Direct Relief recently sent a 38-pallet shipment to longtime partner Guyana Medical Relief to be distributed to four district hospitals treating people in need.
Assistance to these public hospitals is part of a healthcare system strengthening program currently supported through a grant from the IZUMI Foundation. The two-year program – which involves the provision of medical material resources to district and regional hospitals located in six of the ten administrative regions in the country – is designed to strengthen the country’s capacity to provide effective preventive, diagnostic, and curative medical services to people who would otherwise not be able to afford it.
Guyana faces numerous healthcare-related challenges that make it difficult for many of its residents to access quality medical services. These include widespread poverty, inequity, and disparities among social, ethnic, and geographic groups; a high burden of infectious diseases, non-communicable diseases, and injuries; a lack of roads and bridges affecting patient transport; medical professional brain drain, and slow overall economic growth.
Healthcare services are particularly difficult to access for Guyana’s Amerindian populations who live in remote forested areas in the country’s interior and are disproportionately affected by a wide range of medical conditions such as poor maternal and neonatal health, malnutrition, worm infestation, water-borne diseases, malaria, HIV/AIDS, and snake bites.
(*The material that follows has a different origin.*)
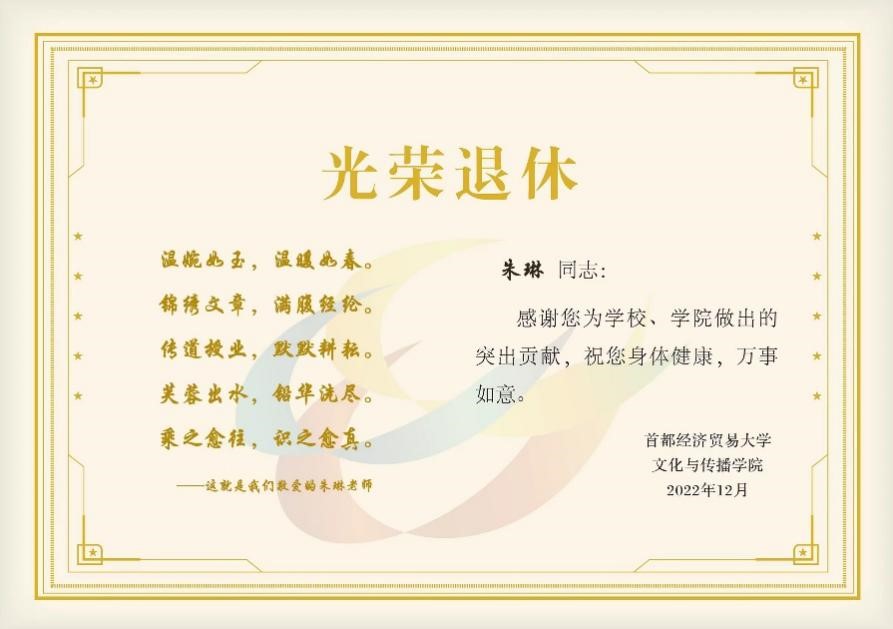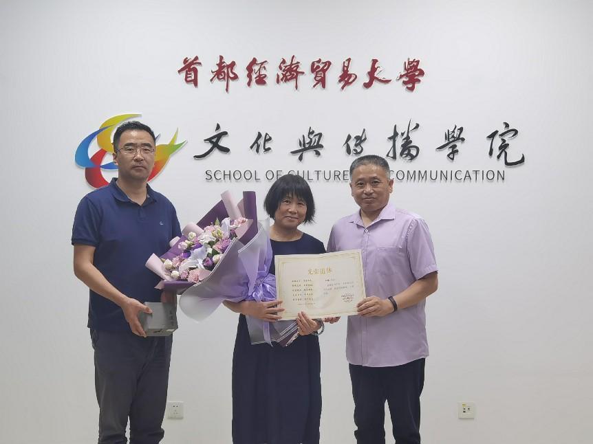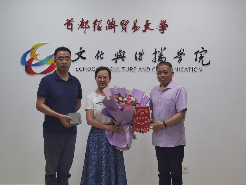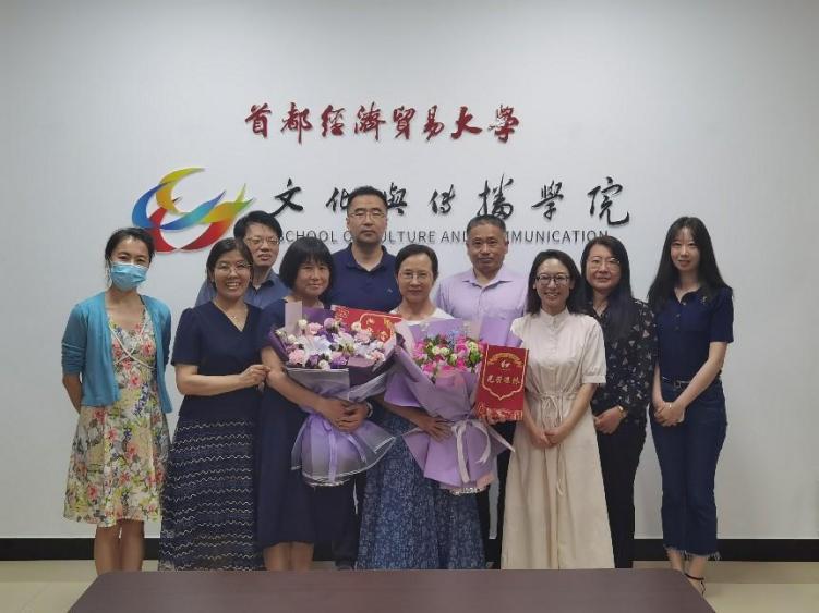 朱琳老师、杨景越老师于2022年荣退,两位老师在首经贸、在文传学院工作、生活了数十载时光。首先,学院党总支书记石刚代表全体教职工对两位老师在学院发展、学生成长成才中做出的奉献表达了深深地感谢,并祝愿她们拥有一个健康快乐、充实幸福的退休生活。接下来,党总支书记石刚和院长于九涛向两位教师赠送了学院精心设计制作的“光荣退休卡”,贺卡里一词一句满是学院对两位教师好学修身、勤勉敬业、尽善尽美的精神品质的赞美,和为教育事业热忱辛勤付出的敬意与感谢。

As Guyana suffers from a double burden of disease – a high incidence of both infectious and non-infectious diseases – the hospitals need to have significant quantities of pharmaceuticals to address both acute and chronic conditions. Although the facilities do receive some of the products they need from the Ministry of Health, persistent and prolonged shortages have left thousands of disadvantaged patients without the care they desperately need.
This Direct Relief shipment, which contained large quantities of medications donated by TEVA Pharmaceuticals, will enable health providers to treat patients in the most effective and appropriate manner possible. And, with adequate resources available for patients at the hospital level, medical products can be shared with district health centers and posts as well as with outreach teams of physicians and nurses who travel to Amerindian communities.